A function is said to be discontinuous at a point if we can't draw the graph without lifting our pen at that point.

2. MrNood

in a function like this the discontinuity will occur where the denominator = 0 $f(x) = \frac{ 5x ^{2}+5x-12 }{ x+4 }$ If you set f(x) = 0 then you are left with just the quadratic to solve

3. MrNood

CORRECTION - should be 2x^2 above BUT 2x^2+5x-12 = (x+4)(2x-3) so the equation becomes y=2x-3 which has no discontinuity. Have I interpreted the equation correctly?

4. sweetburger

Isnt this still a discontinuous function?

5. MrNood

if the equation is $f(x) = \frac{ (2x)^{2}+5x-12 }{ (x+4) }$ THEN my comments above are true because(2x)^2 = 4x^2 @sweetburger It looks like it should be - but because the denominator cancels with the factor in the numerator it becomes a continulas straight line

6. sweetburger

Yea I realized when I graphed it that you are indeed correct.

7. sweetburger

Wait actually according to my graphing calculator there is a large gap in the graph

8. sweetburger

ill screenshot it one second

9. MrNood

10. MrNood

the question asks for the 'zero' but in most cases there are 2 zeroes I think I may have misinterpreted the way the question is written - or it is written incorrectly.

11. sweetburger

12. MrNood

soz - that was my initial typo but there are 2 zeroes in other values for ax^2

13. sweetburger

Yea, I see the 2 zeroe values with the correct equation.
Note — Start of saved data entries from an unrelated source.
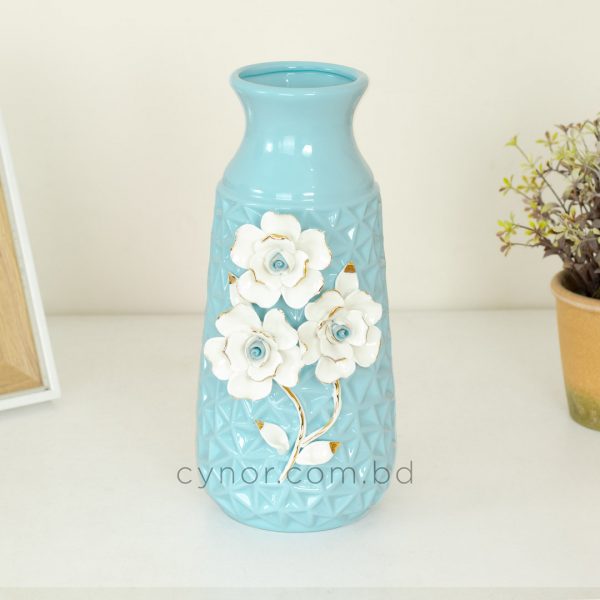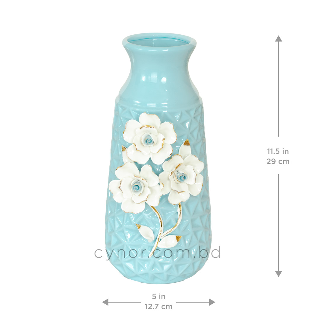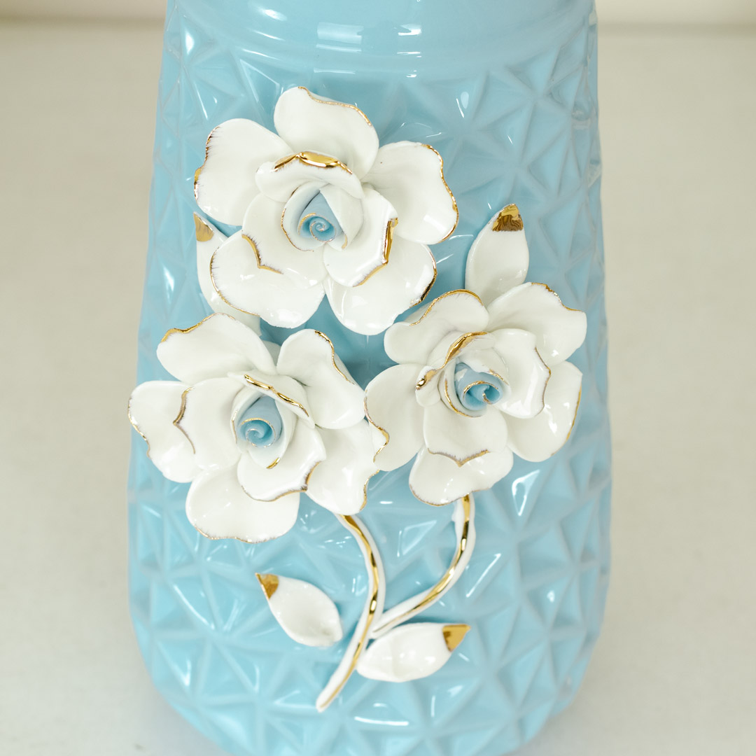 Blue Porcelain Ceramic Flower Vase Decorative Floral Design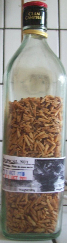 In case you see pictures or hear about all these missionaries with whiskey bottles in their homes, I thought I would share about them. On any given day, you could find a whiskey bottle in our home. Why? Because NOTHING is wasted! Empty whiskey and other liquor bottles with a screw on/off cap, are reused for packing and selling peanuts, toasted coconut, a snack called chin chin and anything that can fit through the opening and pour out for use. The packaging makes it easy to see the contents and the bottle protects the product from insects. While we are on the subject, water bottles are reused for kerosene and oil distribution. You can walk into any small boutique and purchase a water bottle’s worth of kerosene or oil.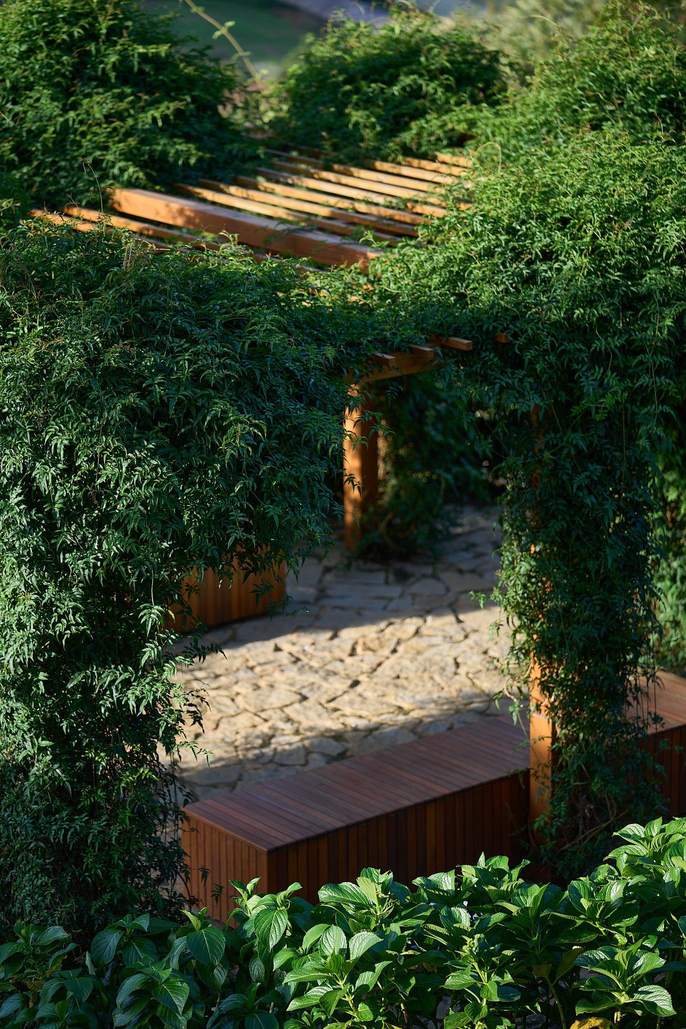 Os caminhos do jardim se desenrolam de forma sinuosa, ladeados por lantanas perfumadas que atraem borboletas e a abelha Jataí, nativa do Brasil. Pequenas áreas de descanso convidam à contemplação, como um redário cercado por lavandas, que exala um aroma envolvente. Um pomar com jabuticabeiras, pitangueiras, mini pitangas e amoreiras convida à interação: cada árvore é identificada com plaquinhas, aproximando os moradores da flora local.

I understand where your answer came from now.

14. MrNood

no - my point is that if the equation is as I wrote then there is ONE zero (as it is a straight line - but NO discontinuity If the equation is other, then there are 2 zeroes , and a discontinuity @ x=-4

15. sweetburger

I mean I see where your coming from as the x+4 cancel out and your left with a straight line with no discontinuities represented by y=2x+3. At least i think this is what your were saying.

16. MrNood

yes - that's it I still think there is an error with the question, or with my interpretation. But the asker is offline so I'll wait foe his reply.

17. sweetburger

Yea the question seems to be misworded in some way or the asker typed it in wrong.